2.2. Review of JIT-Based, Lean Production Planning and Control in ETO CSCs

In recent decades, Lean Principles have been used in manufacturing and later in construction (Lean Construction) to optimize production flows and to reduce waste. However, according to a study performed by Bevilacqua et al. 2017 [39] a wide application of lean principles can be recognized in larger Italian companies. Smaller enterprises often fear that the implementation of lean concepts is costly and time consuming and that it does not contribute to the business growth of a company. Moreover, smaller firms tend to be more agile and flexible to adjusting themselves to changing market conditions and therefore accepting high production costs [39]. This could be especially considered the case for Italian ETO companies working in the CSC industry.

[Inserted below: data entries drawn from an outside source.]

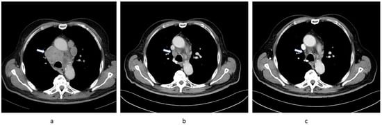 Sequential chest CT images of Patient 1 showing regression of substantial mediastinal lymphadenopathy (arrow). (a) 28 August 2020, (b) 15 February 2021, (c) 18 May 2021.
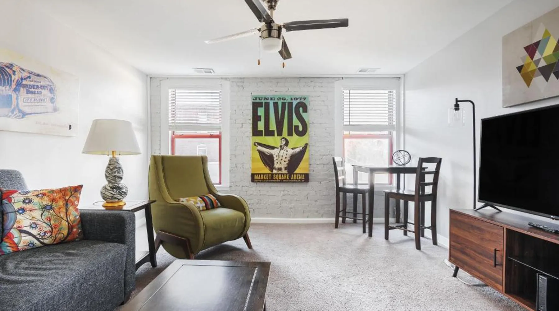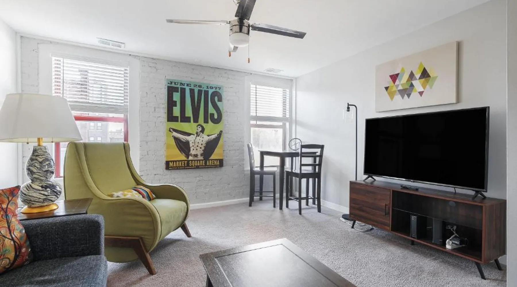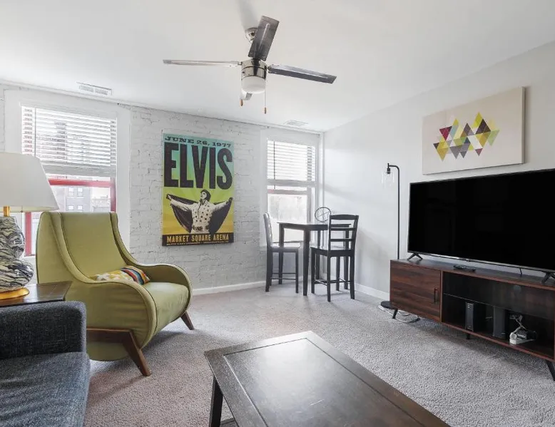 Spacious Accommodations: Spacious 2BR Apt on Mass Ave w Kitchen in Indianapolis offers a spacious apartment with two bedrooms and a living room. Guests enjoy a fully equipped kitchen, air-conditioning, and free WiFi. Modern Amenities: The apartment includes a washing machine, streaming services, and a dishwasher. Additional features include a dining table, refrigerator, microwave, and TV. Free toiletries and a hairdryer are also available. Prime Location: Located 9.3 mi from Indianapolis International Airport, the property is a short walk from Murat - Egyptian Room (4 minutes) and Hilbert Circle Theater (0.8 mi). Nearby attractions include Lucas Oil Stadium (1.7 mi) and Indianapolis Motor Speedway (6.2 mi). Guest Satisfaction: Highly rated by guests, the apartment provides a comfortable and convenient stay. This spacious apartment is consisted of of 1 living room, 2 separate bedrooms and 1 bathroom with a bath and free toiletries. The well-fitted kitchen features a stovetop, a refrigerator, a dishwasher and kitchenware. The air-conditioned apartment offers a TV with streaming services, a washing machine, a private entrance, a tea and coffee maker as well as city views. The unit offers 3 beds.
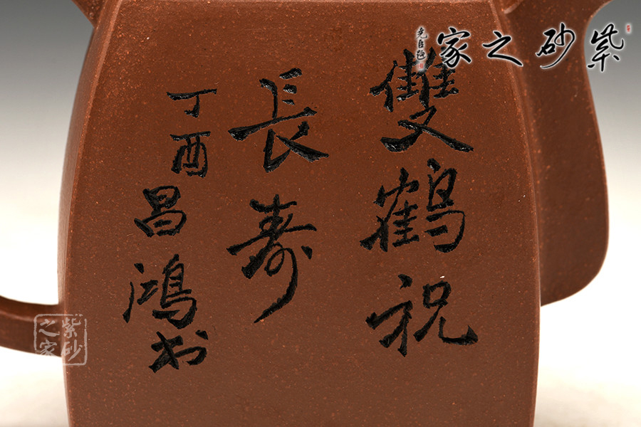B面: 裝飾: 祝福句刻 裝飾者:李昌鴻 裝飾內(nèi)容: 雙鶴祝長壽
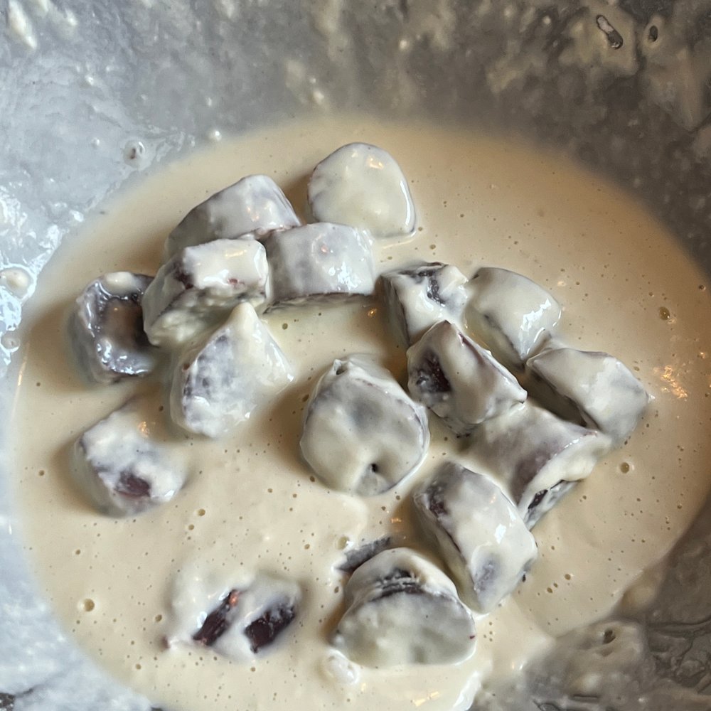순대와 튀김가루만 있다면 끝나는 끝내주는 요리거든요. 순대를 알맞은 크기로 잘라서 튀김 반죽에 묻혀주고 튀기기만 하면 끝!
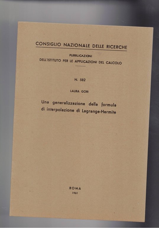 Una generalizzazione della formula di interpolazione di Lagrange-Hermite. Estratto.
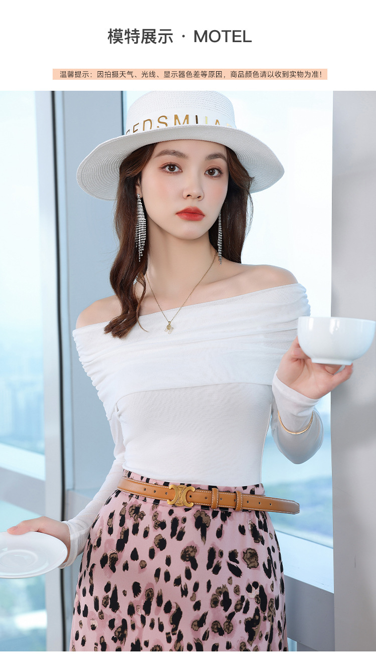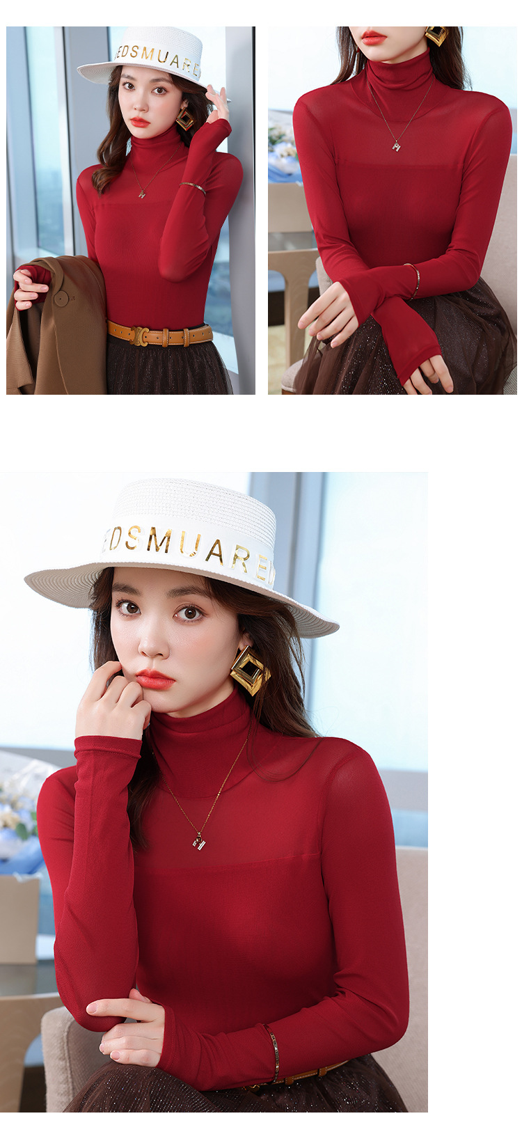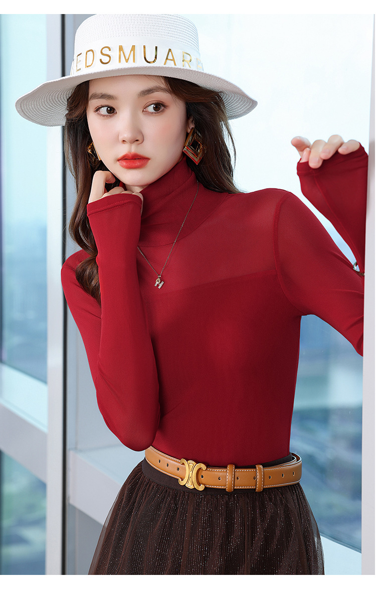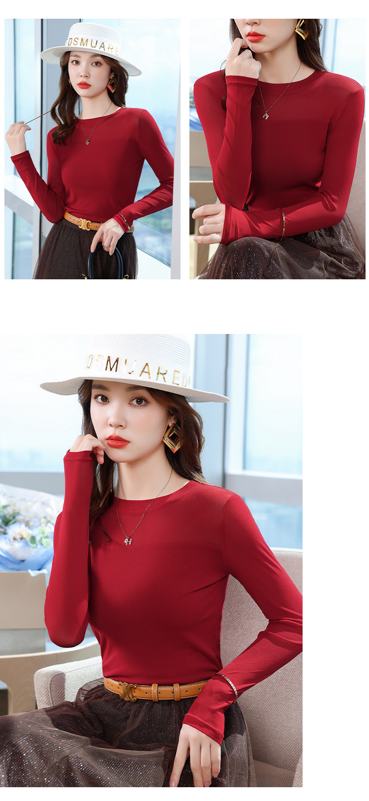 세븐 밸리 니앙 가을과 겨울 레드 탑 여자 하이 엔드 슬랜트 숄더 오프 숄더 긴팔 티셔츠 슬림 핏 짧은베이스 셔츠 트렌디
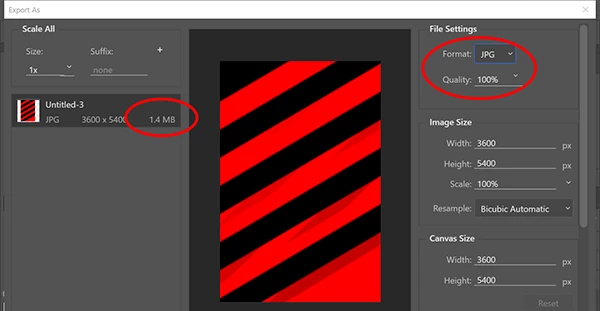 I am saving JPEG at 3600x5400 pixels, at Max quality, and typically these are 10-12MB.
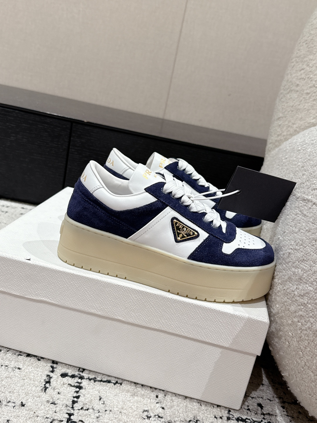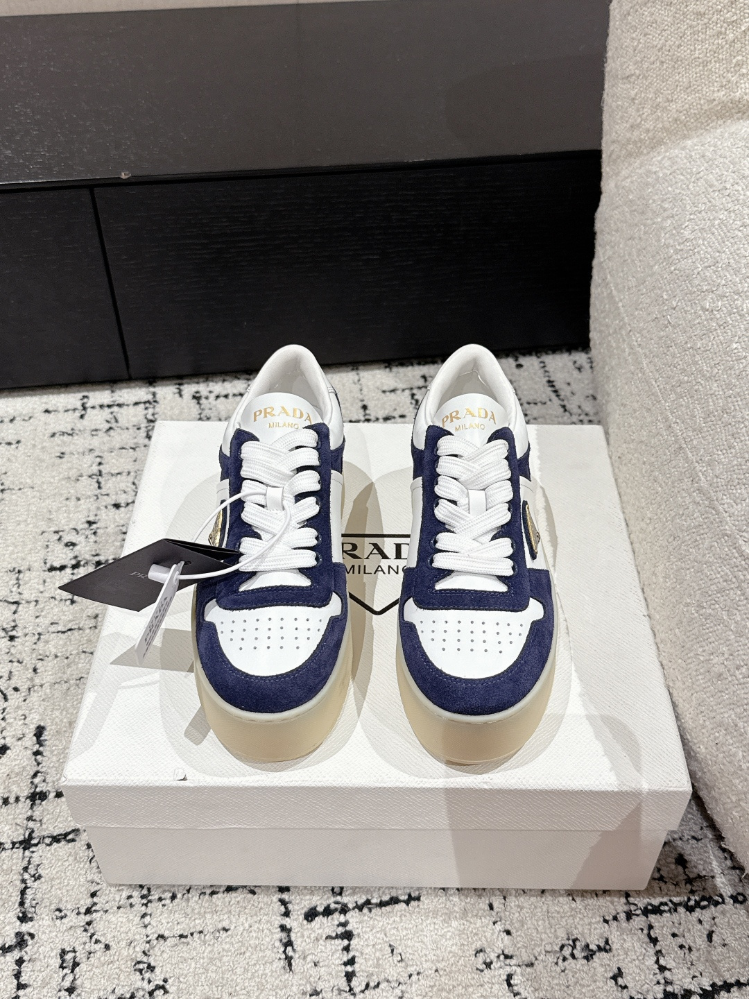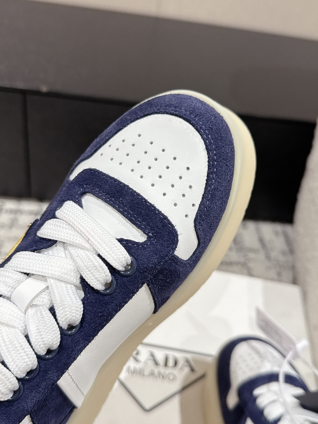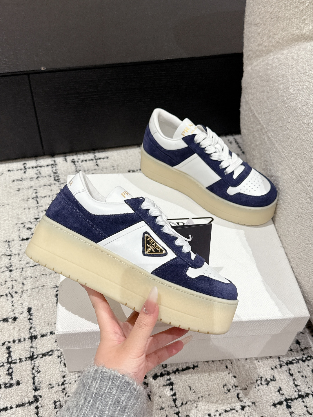 這款鞋子是AAAAA 1:1 質量(非常棒). 使用了和原版一模一樣的材料. 商標部分也保持了和普拉達/Prada一樣. 圖片拍攝是實物鞋子拍攝, 您所收到的實物保證和我們圖片一模一樣.

In contrast to traditional push-oriented production planning and control methods, the theory of Lean Construction suggests the adoption of pull-based models [40]. Push systems are those in which production jobs are scheduled, whereas pull systems are those in which the start of one job is triggered by the completion of another. In push systems, an error in demand forecast causes bullwhip effects. However, in JIT ordering systems, amplifications are avoided because the actual demand is used instead of the demand forecast [41]. Two types of JIT control circuits are generally used for production management: the KANBAN system and the CONWIP system. The KANBAN system was developed by the Japanese automobile manufacturer Toyota [42]. Pull production controlled by Kanban requires a steady part flow, which is impractical for small and infrequent orders as it is common in the construction environment [43]. More in detail, by using KANBAN in a small lot size and high product variety environment, unused WIP and unresponsiveness of the system is caused because Kanban cards have to propagate backward through the entire line for releasing new orders [43]. Moreover, because KANBAN requires that cards be assigned to parts, this means that at every station just one standard parts container should be placed allowing that a downstream process is able to pull what needed. As a result, an outstanding space needed for placing part containers and an increased complexity to handle the system for non-repetitive manufacturing would be the case. Moreover, a pull based production with KANBAN negatively affects the product mix variety and especially the reduction of batch sizes [44].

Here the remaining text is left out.